A federal judge on Friday dealt President Donald Trump and billionaire ally Elon Musk their first big setback in their dismantling of the U.S. Agency for International Development (USAID), ordering a temporary halt to plans to pull thousands of agency staffers off the job.
U.S. District Judge Carl Nichols, a Trump appointee, also agreed to block an order that would have given the thousands of overseas USAID workers the administration wanted to place on abrupt administrative leave just 30 days to move families and households back to the U.S. on government expense.
Both moves would have exposed the U.S. workers and their spouses and children to unwarranted risk and expense, the judge said.
Nichols pointed to accounts from workers abroad that the Trump administration, in its rush to shut down the agency and its programs abroad, had cut some workers off from government emails and other communication systems they needed to reach the U.S. government in case of a health or safety emergency.
In agreeing to stop the 30-day deadline given USAID staffers to return home at government expense, Nichols cited statements from agency employees who had no home to go to in the U.S. after decades abroad, who faced pulling children with special needs out of school midyear, and had other difficulties.
The judge also ordered USAID staffers already placed on leave by the Trump administration reinstated.

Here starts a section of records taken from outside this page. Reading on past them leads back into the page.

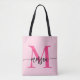 Shock rosa Modern Script Girly Monogram Namn Tygkasse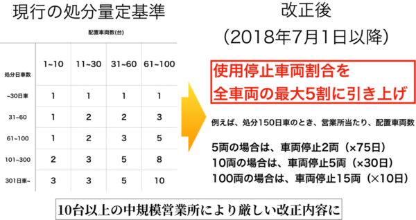 さらに、車両使用停止処分を受けた場合の「ダメージ」がより大きくなるよう、停止する車両数の割合を「最大5割」へと引き上げ、処分の実効性を高める効果を狙う。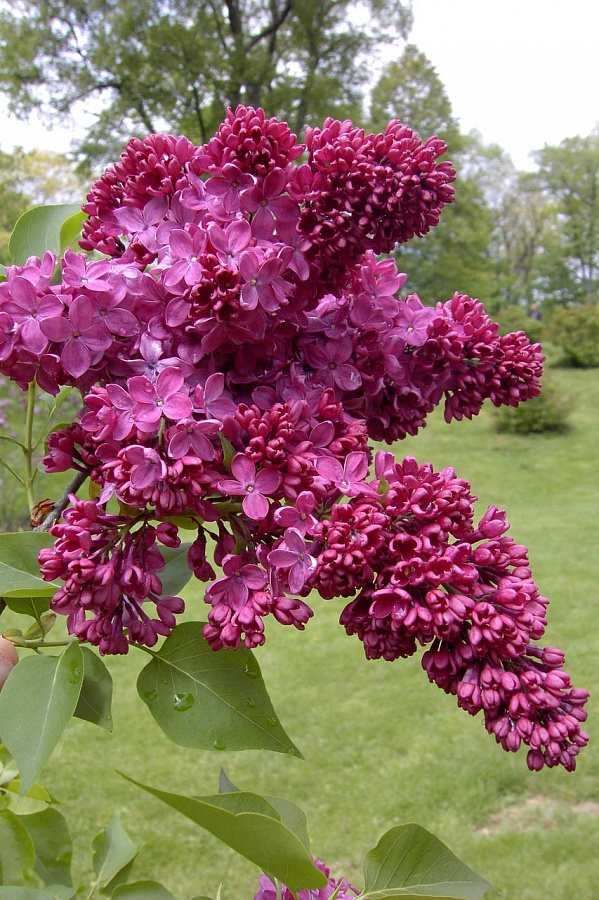 Саженцы Сирени обыкновенной Конго (Congo, Syringa vulgaris) кустарник, который источает роскошь. Тёмно-лиловые бутоны контрастируют на фоне нежно-фиолетовых распустившихся лепестков. Цветы собираются в грозди, они настолько большие, что кончики не выдерживая вес – поникают. Этот сорт имеет нежный и необыкновенного аромат, напоминающий смесь миндаля и мёда. Высота раскидистой сирени Конго не превышает 400 сантиметров. Сорт можно назвать фаворитом, ведь он пышет здоровьем. Ему не страшна продолжительная жара и холодные зимы. Лучше всего посадить этот куст на солнечной площадке, где нет сильных сквозняков. Весной стоит подумать о подкормке, так бутоны станут ещё больше.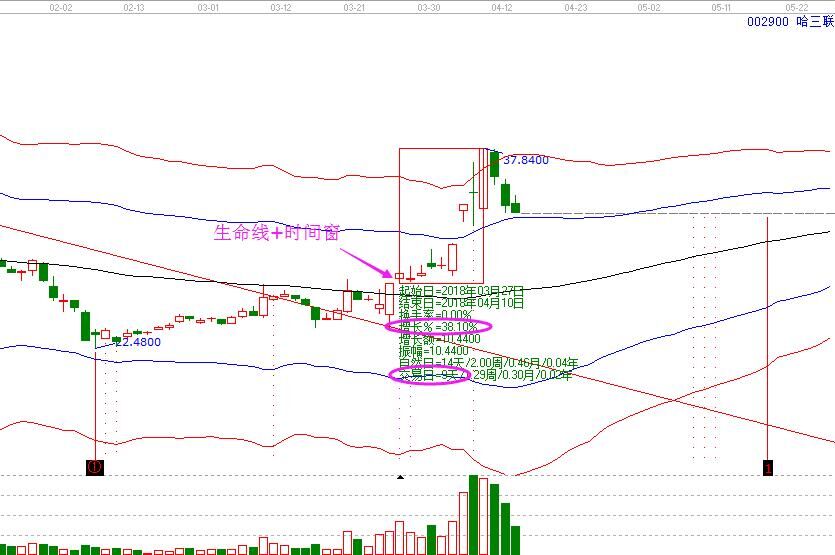 生命線和時間窗共振的位置啟動,上藍(lán)色上軌線位置,再到紅色上軌線位置,之后從紅色上軌線開始回落,走出一波完整的上漲波段。3月27日至4月10日高點(diǎn),共9個交易日,漲幅空間近40%,生命線+時間窗盈利模型完美驗(yàn)證。

But he declined a request from two federal employee associations to grant a temporary block on a Trump administration funding freeze that has shut down the six-decade-old agency and its work, pending more hearings on the workers’ lawsuit.
Nichols stressed in the hearing earlier Friday on the request to pause the Trump administration’s actions that his order was not a decision on the employees’ request to roll back the administration’s swiftly moving destruction of the agency.
“CLOSE IT DOWN,” Trump said on social media of USAID before the judge’s ruling.